* Exercise
Records follow. Print exactly the lines from the one that has "Nuestro moderno jardín" through the one that has "Über den Vorgarten", inclusive, and omit the pictures.

--

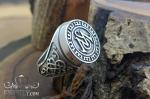 Массивная печатка из серебра 925 пробы с выразительной монограммой в центральной части. Круглая лицевая площадка подчеркнута контрастным чернением, которое усиливает глубину рельефа и делает символ более выразительным. По периметру размещён декоративный орнамент, создающий эффект классической печати и придающий украшению статусный характер.
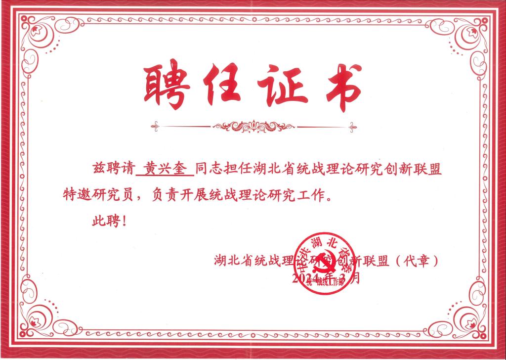 日前,政协荆门市第九届委员会委员、农工党伟德国际victor1946支部主委黄兴奎被湖北省统战理论研究创新联盟聘为特邀研究员,负责开展统战理论研究工作。
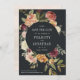 Nuestro moderno jardín floral Moonlight ahorra los marcos de la tarjeta de fecha tus detalles clave del boda, incluyendo fecha y ubicación, dentro de un frondoso borde botánico de mamáes de rosas acuarelas, hojas verdes y follaje. Dustos tonos otoñales de burdeos, marsala, pop de color verde y marfil contra un fondo suave de color negro. Personalice sus nombres, fecha de boda, ubicación y sitio web del boda utilizando los campos proporcionados.
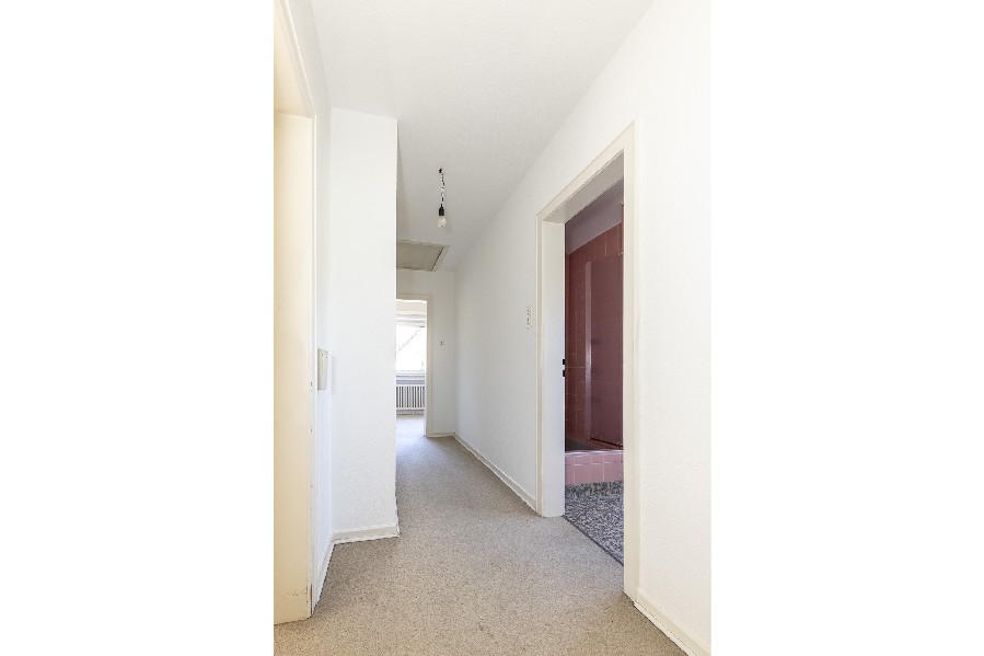 Über den Vorgarten erreichen Sie den Hauseingang. Gerade eingetreten, befinden Sie sich im geräumigen Flur. Vom zentralen Eingangsbereich aus gelangen Sie links zum separaten WC, rechts in die Arbeitsküche und zum großzügigen Wohnbereich mit integriertem Esszimmer. Dieser fast 50m² große Raum bildet das Herzstück der Wohnung. Er ist Dank der großen Fensterfront sehr hell und freundlich, verbindet gemütliches Wohnen mit ausreichend Raum für einen großen Esstisch, an dem die ganze Familie und viele Freunde Platz finden.
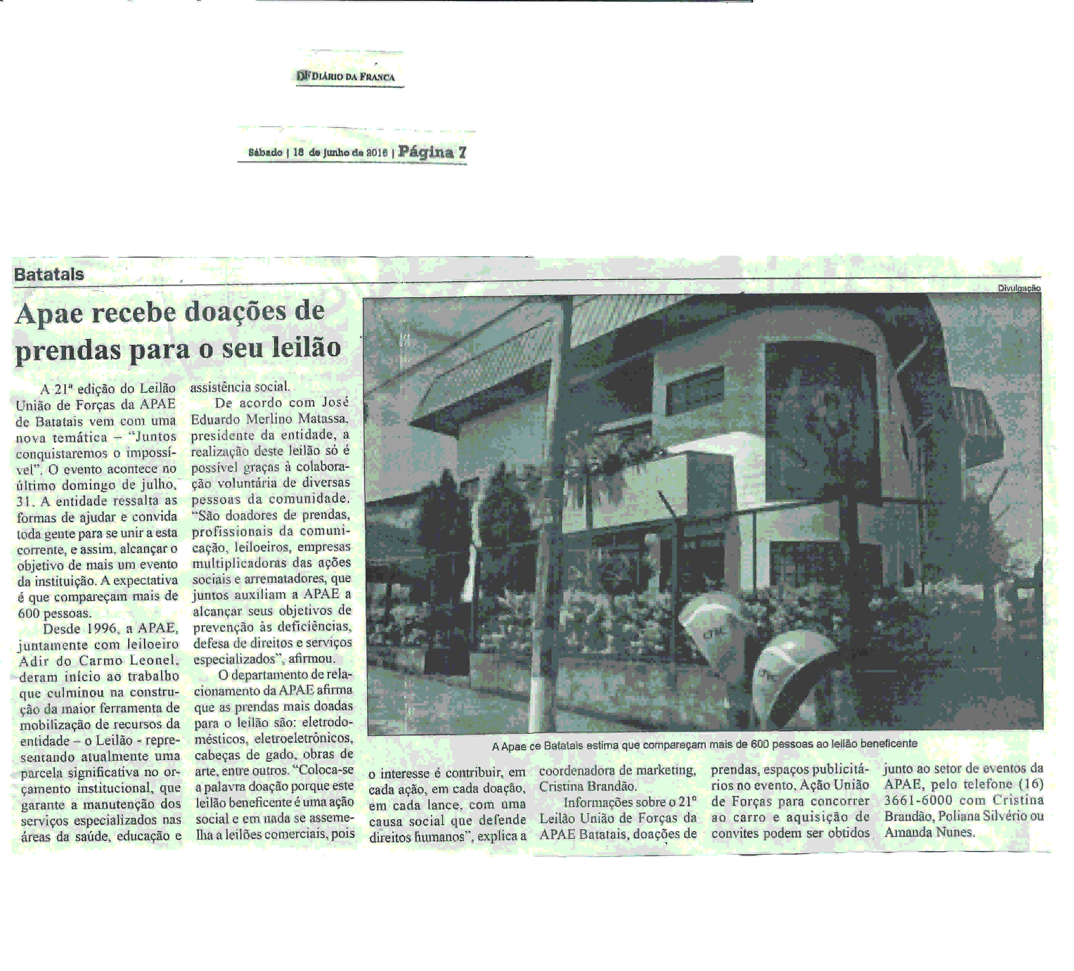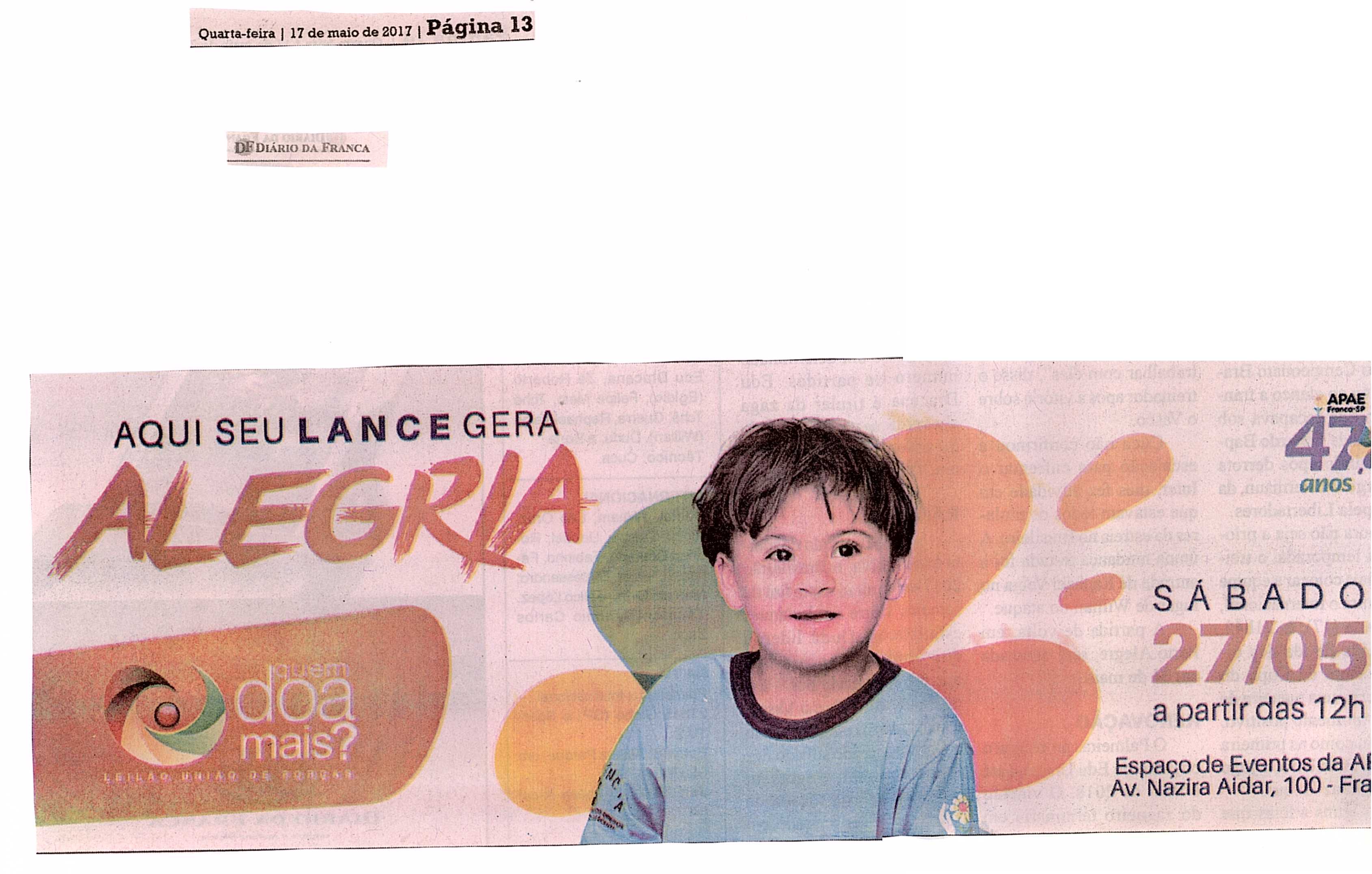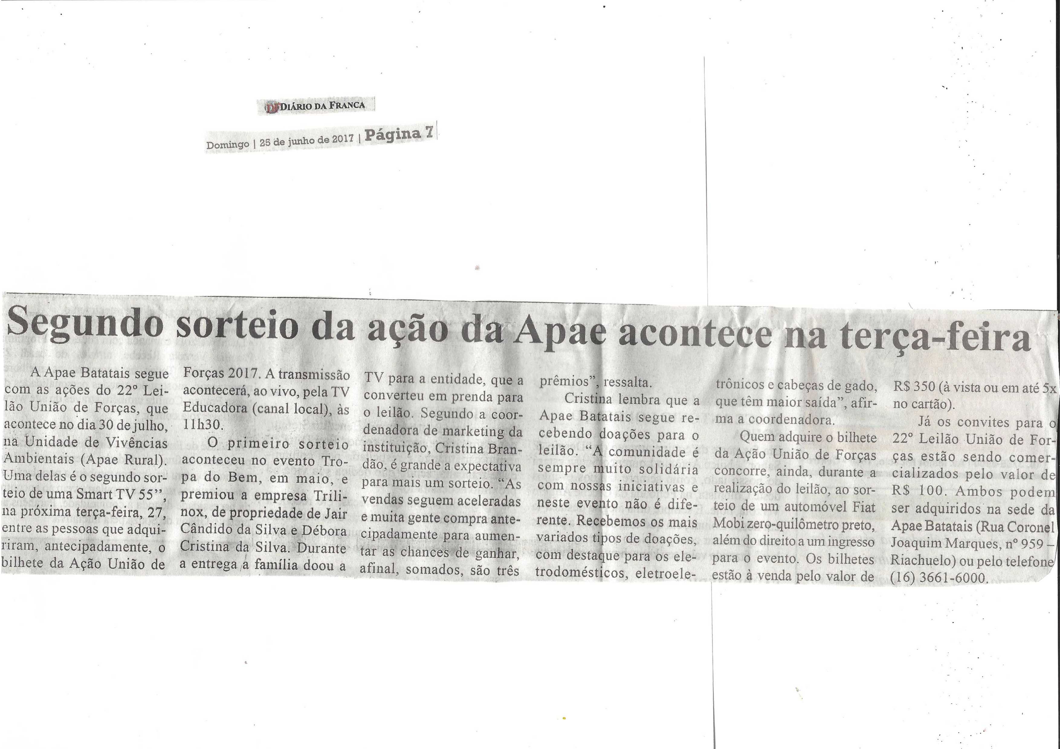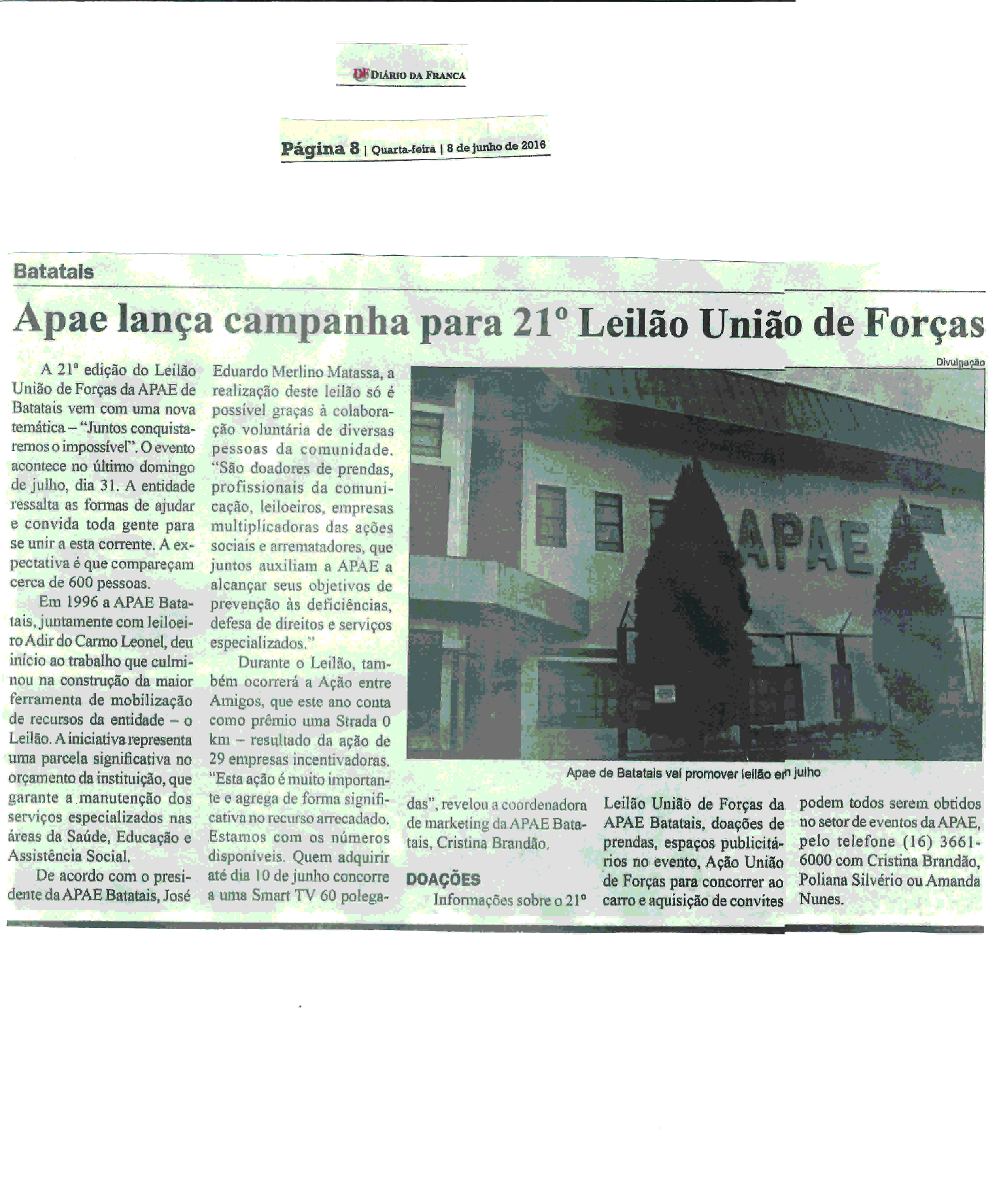 08/06/16 - DIÁRIO DA FRANCA - Apae lança campanha para 21º Leilão União de Forças - 0806-d...

--

* Answer space
 Nuestro moderno jardín floral Moonlight ahorra los marcos de la tarjeta de fecha tus detalles clave del boda, incluyendo fecha y ubicación, dentro de un frondoso borde botánico de mamáes de rosas acuarelas, hojas verdes y follaje. Dustos tonos otoñales de burdeos, marsala, pop de color verde y marfil contra un fondo suave de color negro. Personalice sus nombres, fecha de boda, ubicación y sitio web del boda utilizando los campos proporcionados.
 Über den Vorgarten erreichen Sie den Hauseingang. Gerade eingetreten, befinden Sie sich im geräumigen Flur. Vom zentralen Eingangsbereich aus gelangen Sie links zum separaten WC, rechts in die Arbeitsküche und zum großzügigen Wohnbereich mit integriertem Esszimmer. Dieser fast 50m² große Raum bildet das Herzstück der Wohnung. Er ist Dank der großen Fensterfront sehr hell und freundlich, verbindet gemütliches Wohnen mit ausreichend Raum für einen großen Esstisch, an dem die ganze Familie und viele Freunde Platz finden.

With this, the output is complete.